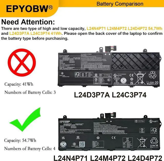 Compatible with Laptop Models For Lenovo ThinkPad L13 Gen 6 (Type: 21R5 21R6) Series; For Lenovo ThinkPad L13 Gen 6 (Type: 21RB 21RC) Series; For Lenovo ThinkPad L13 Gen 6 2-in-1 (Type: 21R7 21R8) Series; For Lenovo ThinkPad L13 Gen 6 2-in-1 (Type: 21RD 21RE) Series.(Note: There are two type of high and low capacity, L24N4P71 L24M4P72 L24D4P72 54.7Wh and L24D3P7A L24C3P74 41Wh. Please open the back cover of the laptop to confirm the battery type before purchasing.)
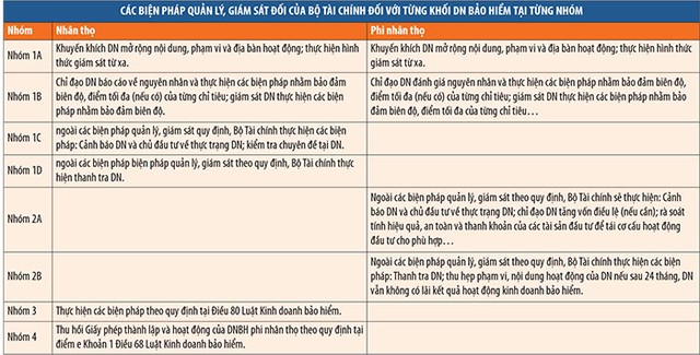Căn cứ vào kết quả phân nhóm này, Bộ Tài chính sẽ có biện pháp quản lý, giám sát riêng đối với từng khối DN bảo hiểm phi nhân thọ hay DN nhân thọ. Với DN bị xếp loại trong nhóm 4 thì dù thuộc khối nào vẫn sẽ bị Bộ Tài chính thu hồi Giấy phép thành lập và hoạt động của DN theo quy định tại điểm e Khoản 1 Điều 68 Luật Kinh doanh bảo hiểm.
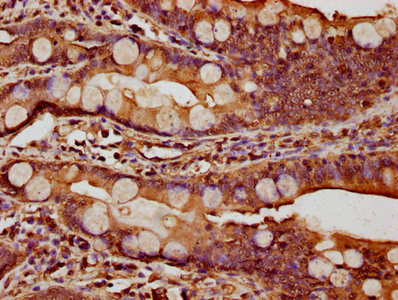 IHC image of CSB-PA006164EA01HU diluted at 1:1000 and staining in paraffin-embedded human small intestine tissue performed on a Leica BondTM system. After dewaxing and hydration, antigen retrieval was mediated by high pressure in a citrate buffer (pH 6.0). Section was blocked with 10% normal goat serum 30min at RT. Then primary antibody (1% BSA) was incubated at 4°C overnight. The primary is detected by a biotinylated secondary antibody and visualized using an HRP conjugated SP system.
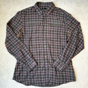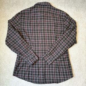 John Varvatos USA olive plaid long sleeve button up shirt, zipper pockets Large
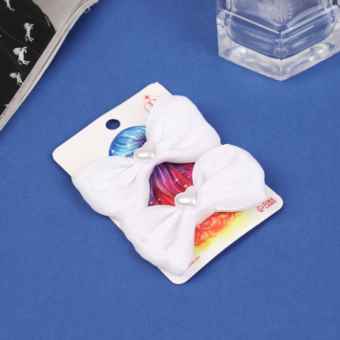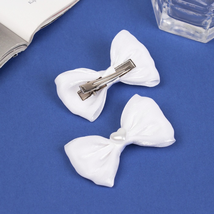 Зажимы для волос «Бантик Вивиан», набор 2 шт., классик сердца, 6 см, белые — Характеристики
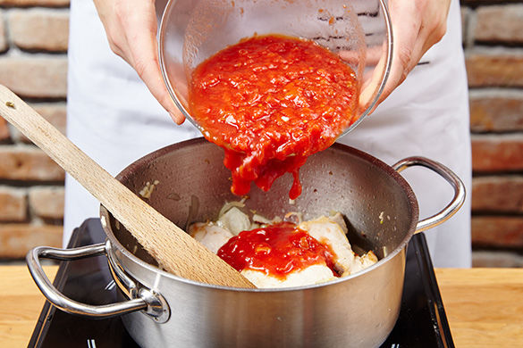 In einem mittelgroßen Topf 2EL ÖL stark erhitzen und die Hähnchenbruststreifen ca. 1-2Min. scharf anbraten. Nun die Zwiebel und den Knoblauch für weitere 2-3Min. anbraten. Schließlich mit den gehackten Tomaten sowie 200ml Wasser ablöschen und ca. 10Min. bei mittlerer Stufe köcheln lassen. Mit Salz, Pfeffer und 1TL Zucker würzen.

# # # # # # #

§ **Task to complete**
Return, exactly as they stand, all of the lines above, but not the pictures.

§ **Output**
 Compatible with Laptop Models For Lenovo ThinkPad L13 Gen 6 (Type: 21R5 21R6) Series; For Lenovo ThinkPad L13 Gen 6 (Type: 21RB 21RC) Series; For Lenovo ThinkPad L13 Gen 6 2-in-1 (Type: 21R7 21R8) Series; For Lenovo ThinkPad L13 Gen 6 2-in-1 (Type: 21RD 21RE) Series.(Note: There are two type of high and low capacity, L24N4P71 L24M4P72 L24D4P72 54.7Wh and L24D3P7A L24C3P74 41Wh. Please open the back cover of the laptop to confirm the battery type before purchasing.)
Căn cứ vào kết quả phân nhóm này, Bộ Tài chính sẽ có biện pháp quản lý, giám sát riêng đối với từng khối DN bảo hiểm phi nhân thọ hay DN nhân thọ. Với DN bị xếp loại trong nhóm 4 thì dù thuộc khối nào vẫn sẽ bị Bộ Tài chính thu hồi Giấy phép thành lập và hoạt động của DN theo quy định tại điểm e Khoản 1 Điều 68 Luật Kinh doanh bảo hiểm.
 IHC image of CSB-PA006164EA01HU diluted at 1:1000 and staining in paraffin-embedded human small intestine tissue performed on a Leica BondTM system. After dewaxing and hydration, antigen retrieval was mediated by high pressure in a citrate buffer (pH 6.0). Section was blocked with 10% normal goat serum 30min at RT. Then primary antibody (1% BSA) was incubated at 4°C overnight. The primary is detected by a biotinylated secondary antibody and visualized using an HRP conjugated SP system.
 John Varvatos USA olive plaid long sleeve button up shirt, zipper pockets Large
 Зажимы для волос «Бантик Вивиан», набор 2 шт., классик сердца, 6 см, белые — Характеристики
 In einem mittelgroßen Topf 2EL ÖL stark erhitzen und die Hähnchenbruststreifen ca. 1-2Min. scharf anbraten. Nun die Zwiebel und den Knoblauch für weitere 2-3Min. anbraten. Schließlich mit den gehackten Tomaten sowie 200ml Wasser ablöschen und ca. 10Min. bei mittlerer Stufe köcheln lassen. Mit Salz, Pfeffer und 1TL Zucker würzen.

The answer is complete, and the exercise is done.